Paul Krugman loves to use the story of the baby-sitting coop told in an article published by Joan and Richard Sweeney in the Journal of Money, Credit, and Banking in 1978 and has repeatedly recycled it, all the while failing to understand that it is a very poor analogy for the American economy and that the lessons he draws from it are false. I have updated and modified it to explain what is actually going on in the U.S. economy as well as to show why Krugman’s proposed solution – print more money – cannot possibly work:
Twenty years ago I read a story that changed my life. I think about that story often; it helps me to stay calm in the face of crisis, to remain hopeful in times of depression, and to resist the pull of fatalism and pessimism….
A group of people (in this case about 150 young couples with congressional connections) agrees to baby-sit for one another, obviating the need for cash payments to adolescents. It’s a mutually beneficial arrangement: A couple that already has children around may find that watching another couple’s kids for an evening is not that much of an additional burden, certainly compared with the benefit of receiving the same service some other evening. But there must be a system for making sure each couple does its fair share.
The Capitol Hill co-op adopted one fairly natural solution. It issued scrip–pieces of paper equivalent to one hour of baby-sitting time. Baby sitters would receive the appropriate number of coupons directly from the baby sittees. This made the system self-enforcing: Over time, each couple would automatically do as much baby-sitting as it received in return. As long as the people were reliable–and these young professionals certainly were–what could go wrong?
Well, it turned out that there was a small technical problem. Think about the coupon holdings of a typical couple. During periods when it had few occasions to go out, a couple would probably try to build up a reserve–then run that reserve down when the occasions arose. There would be an averaging out of these demands. One couple would be going out when another was staying at home. But since many couples would be holding reserves of coupons at any given time, the co-op needed to have a fairly large amount of scrip in circulation.

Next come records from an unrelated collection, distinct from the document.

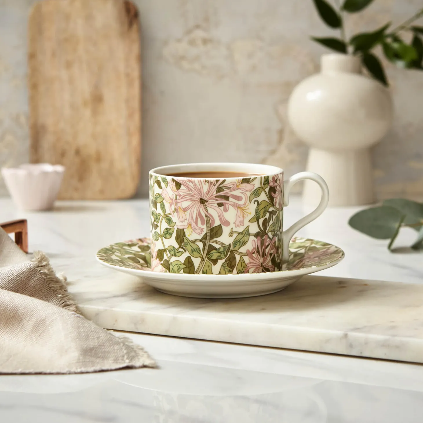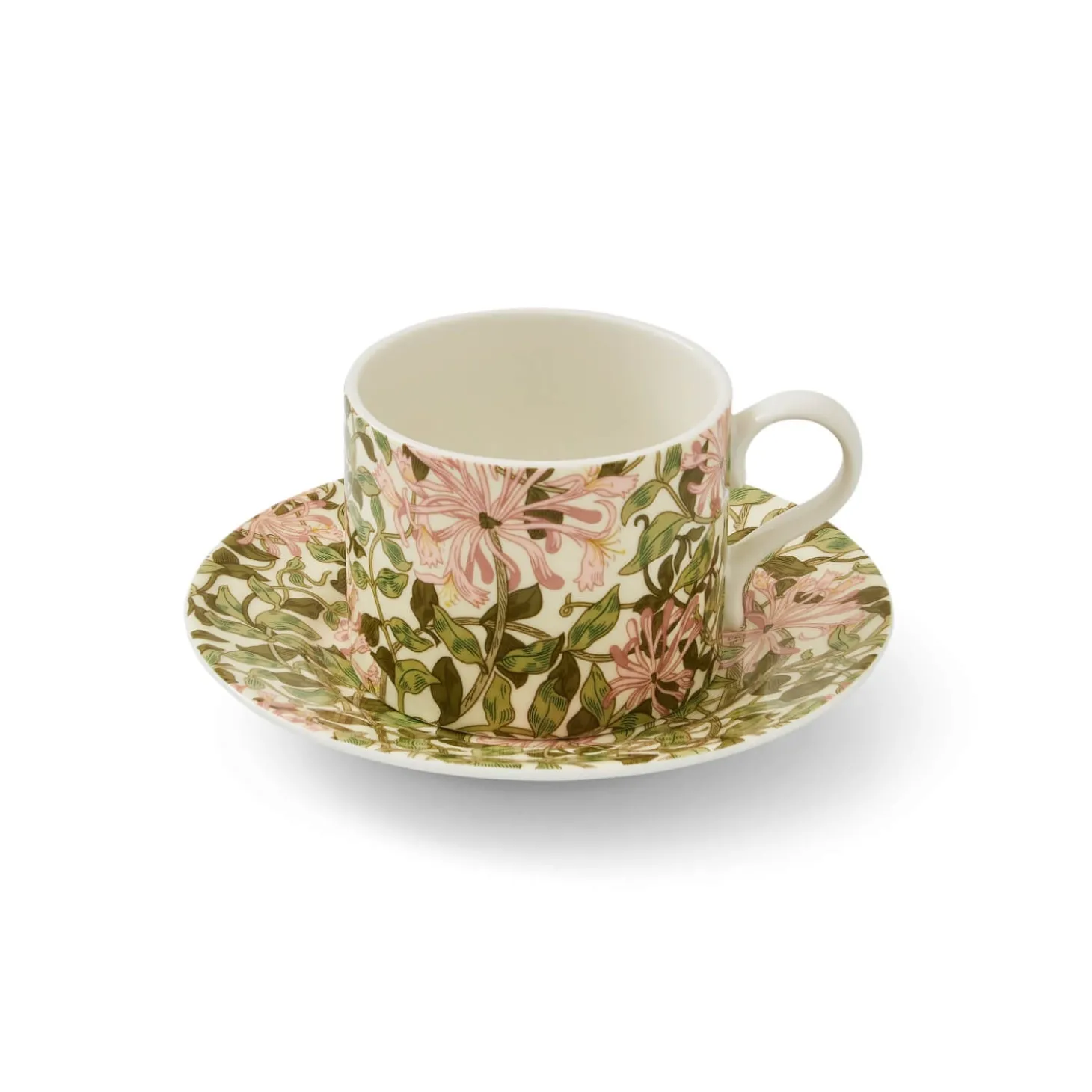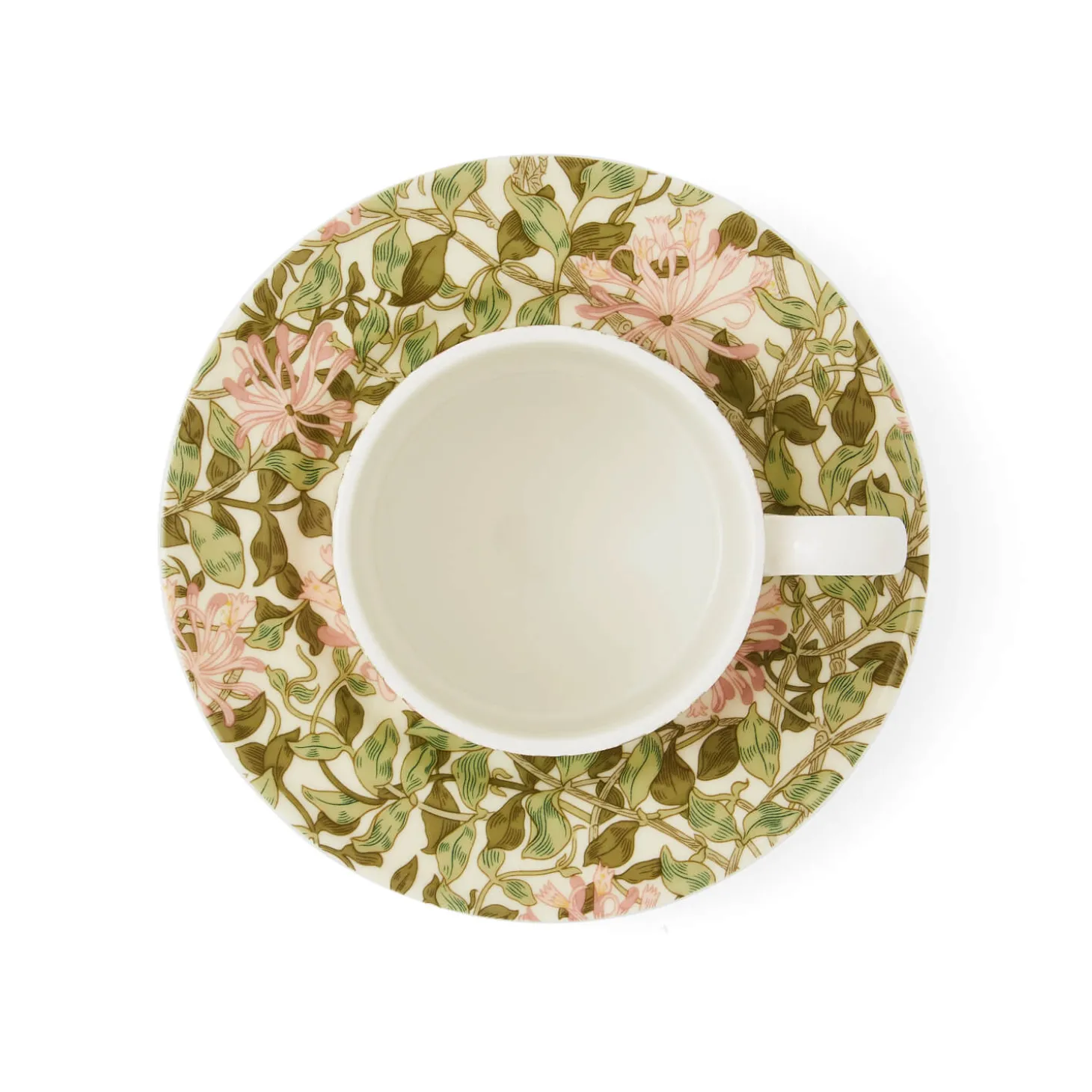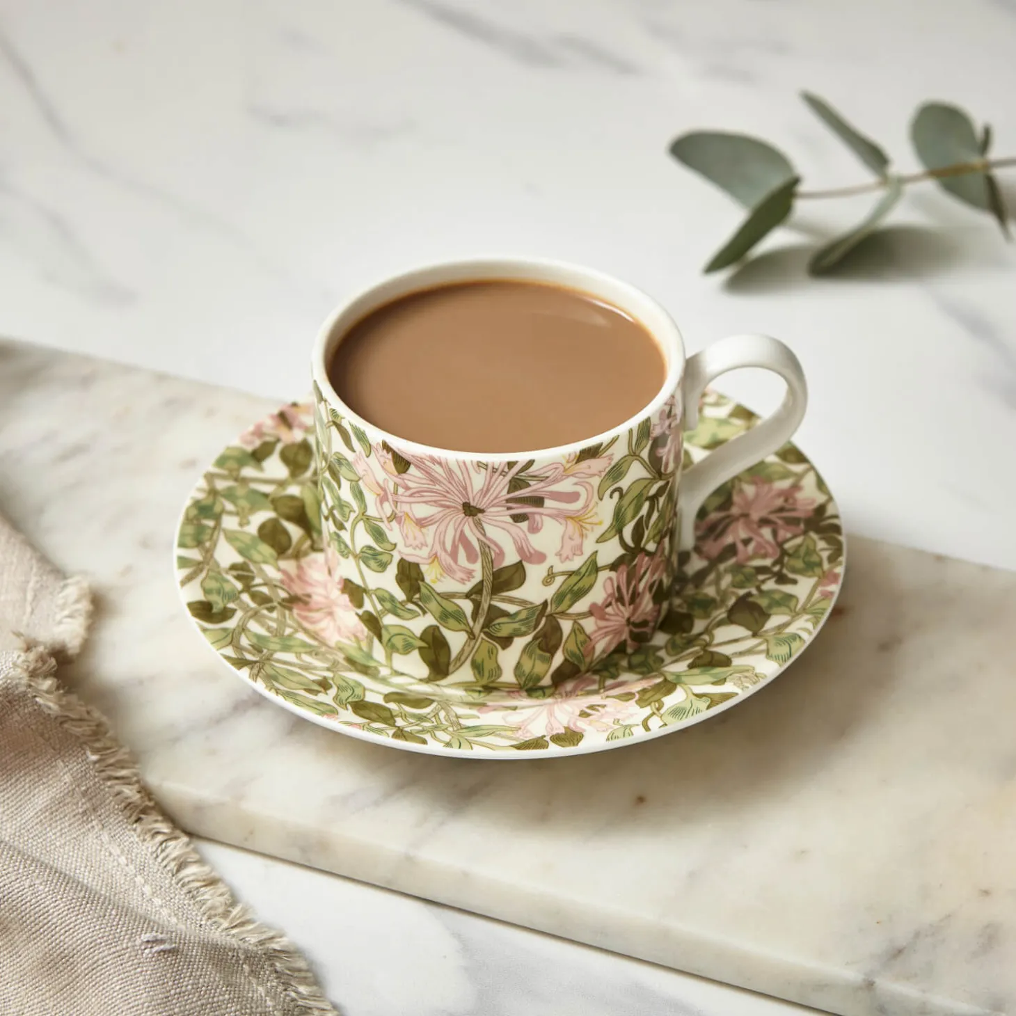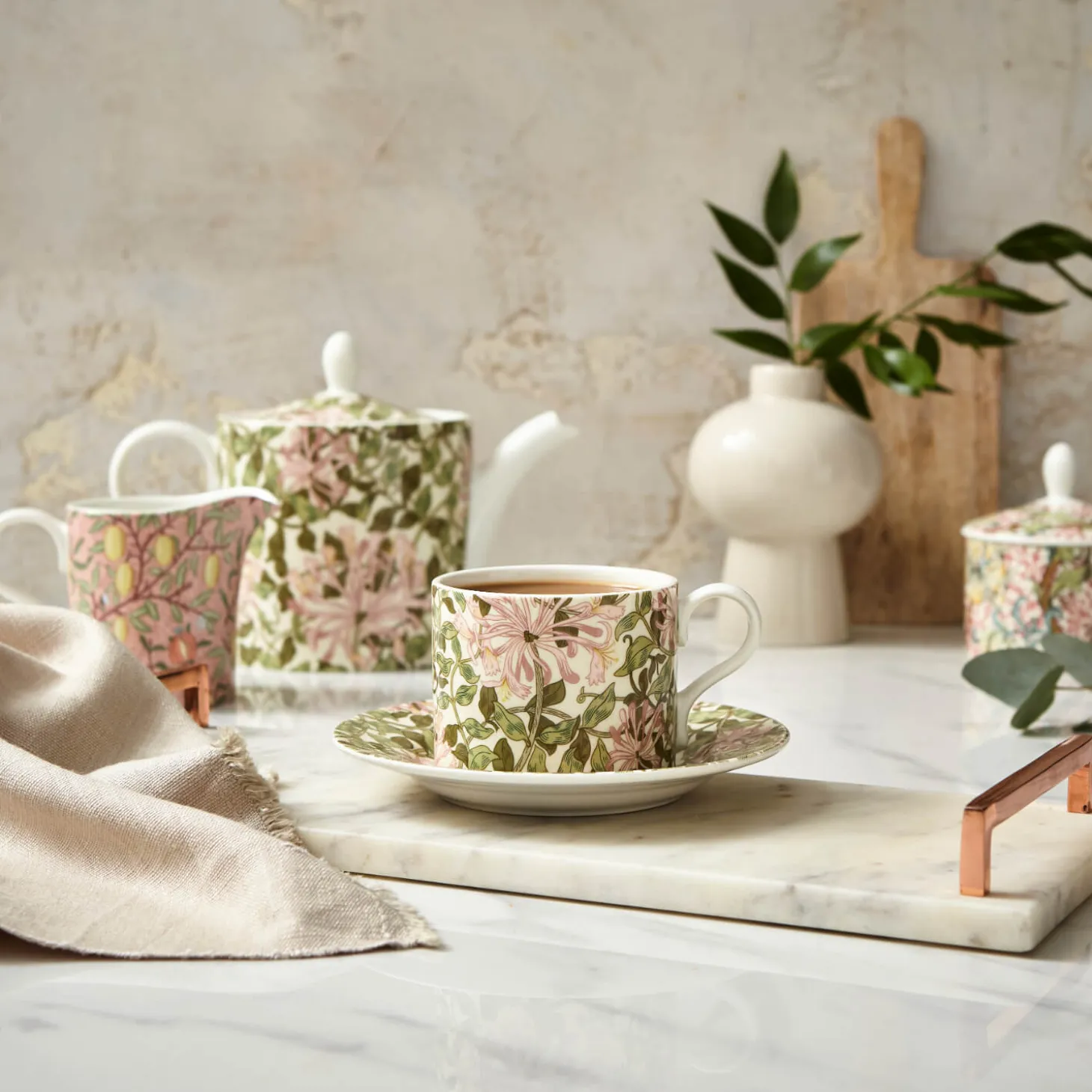 Morris & Co presents the Cup & Saucer in their Honeysuckle design, made from Porcelain. Featuring the iconic botanical patterns of J.H. Dearle, designed in 1883, the Honeysuckle pattern was created to add a touch of the outdoors to your kitchen creating a beautiful, calm and restful touch to your home. The stunning floral colours make this set ideal for a peaceful cup of tea or for creating a elegant table display for afternoon tea with friends.Â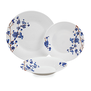 SET PLATOS FLORES AZULES 18PZS 22470447 (6 HONDOS - 6 PLANOS - 6 MEDIANOS)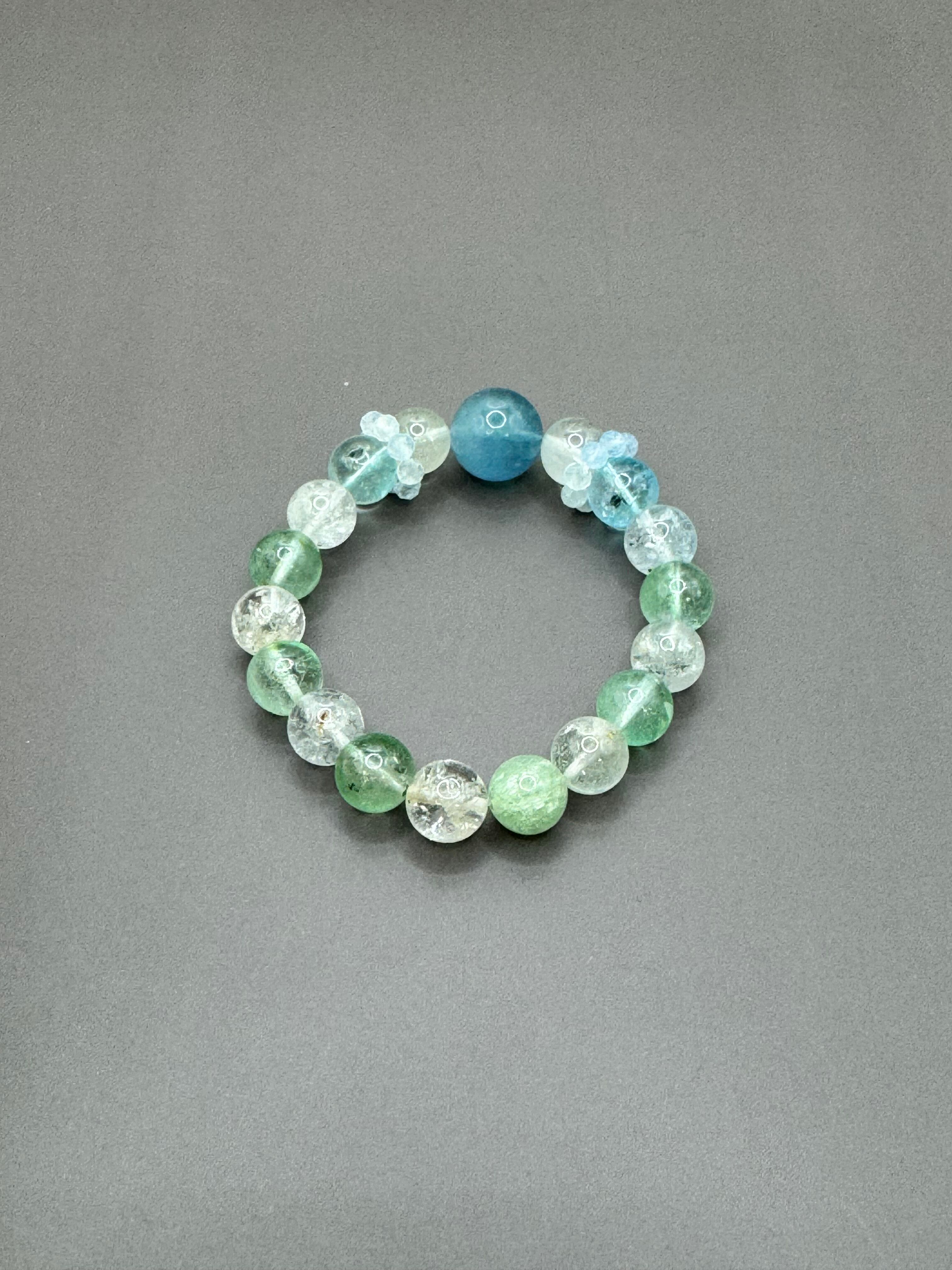 魅力的なデビルアクアマリンとトパーズを使用したブレスレットは、心を浄化し、自己を見つめ直す手助けをするデザインです。デビルアクアマリンは持つ者に冷静さをもたらし、感情のバランスを保つ効果が期待できます。また、トパーズは友情や愛情を深め、希望を与える石として知られています。このブレスレットを身につけることで、日常生活において心の安らぎやポジティブなエネルギーを感じ、自分自身をより深く理解できる機会が増えるかもしれません。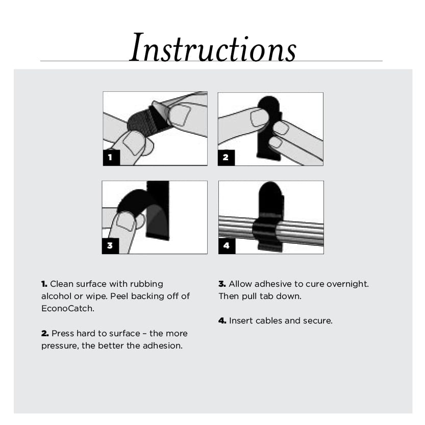 The EconoCatch organizes cables against any smooth surface. The rubber-based adhesive back allows for attachment to desks, walls, computers and other kinds of equipment.
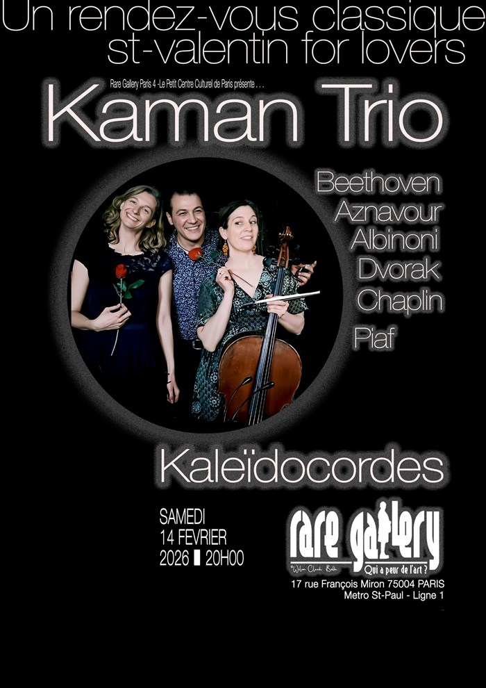 Kaman trio présente Kaleïdocordes : St-Valentin for lovers - Beethoven, Aznavour, Albinoni, Dvorak, Chaplin, Piaf pour vivre les époques et les styles.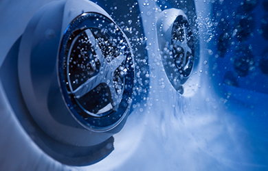Con TrueWater di Jacuzzi, trilioni di nanobolle piene di ossigeno presenti in vasca elimineranno continuamente i contaminanti per fornire acqua limpida e frizzante, priva di cloro al 99,9%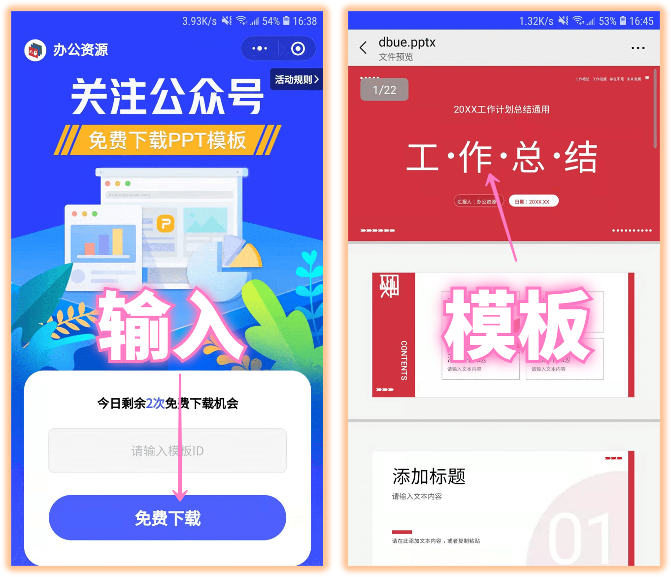 本次更新后,我意外的发现,原来微信上还能获取PPT模板,找到办公资源小程序,在里面输入模板ID,每天都能领取2套,真是太赞了。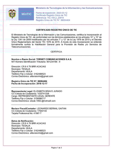 El Registro TIC es la forma a través de la cual los proveedores de redes y/o servicios de telecomunicaciones y los titulares de permiso para el uso de recursos escasos (espectro radioeléctrico, ERE), hacen efectiva la habilitación general prevista en el artículo 10 de la Ley 1341 de 2009.

Now what happened in the Sweeneys’ co-op was that, for complicated reasons involving the collection and use of dues (paid in scrip), the number of coupons in circulation became quite low. As a result, most couples were anxious to add to their reserves by baby-sitting, reluctant to run them down by going out. But one couple’s decision to go out was another’s chance to baby-sit; so it became difficult to earn coupons. Knowing this, couples became even more reluctant to use their reserves except on special occasions, reducing baby-sitting opportunities still further.
In short, the co-op had fallen into a recession.
Since most of the co-op’s members were lawyers, it was difficult to convince them the problem was monetary. They tried to legislate recovery–passing a rule requiring each couple to go out at least twice a month. But eventually the economists prevailed. More coupons were issued, couples became more willing to go out, opportunities to baby-sit multiplied, and everyone was happy.
Later in the article, Krugman goes on to explain how the coop’s “central bank” can manage the coupon supply to prevent couples intent on staying in from accumulating too many coupons and acquire coupons on loan if they found it necessary to go out more often than they’d planned. But what he fails to anticipate is the situation where the coop board has provided lots and lots of coupons to the various couples in anticipation of their future use for an extended period of time. In short, he fails to account for the possibility that the “recession” is not caused by a coupon shortage, but rather by the limits of babysitting demand.
There are three limits to the demand for babysitting coupons, one physical, one practical, and one psychological. The physical limit is that a couple cannot possibly make use of more than seven evenings-worth of coupons per week since that is the maximum number of evenings they can go out and leave the children home. The practical limit is the financial resources the couple has to spend on going out, and the psychological limit is based on the amount of the couple’s desire to actually spend evenings with their children. If, in a given time period, any of these three limits are exceeded by the amount of the coupons distributed or loaned out to the couple, the couple will not make use of them regardless of how many more coupons they are given. Therefore, it should be obvious that any decline in the amount of going out that is based on one of these three limits of demand cannot be solved by simply distributing more coupons for babysitting.
In fact, for the coop, the correct policy prescription is to do exactly the reverse of what Krugman is recommending. Not only should more coupons not be distributed, but all coupon distribution should stop so that people can use up the coupons they have. Coupons given out on loan should be either repaid or simply cancelled; more coupons can be distributed once people have used up their existing supply and actually require more babysitting.
Note: the fact that babysitting coupons are less fungible and important to the coop than money is to a national economy means that one cannot concoct an example of the Austrian business cycle utilizing this analogy. The coupon supplier is not causing the problems here; they are exogenous to the coupon supply. But, this invocation of the material and immaterial limits of demand should demonstrate that Krugman’s analogy is not necessarily relevant to the present economic situation, and to the extent that it can be shown that the American consumer has exceeded the limits of his demand, it shows that his conclusions are demonstrably inapplicable.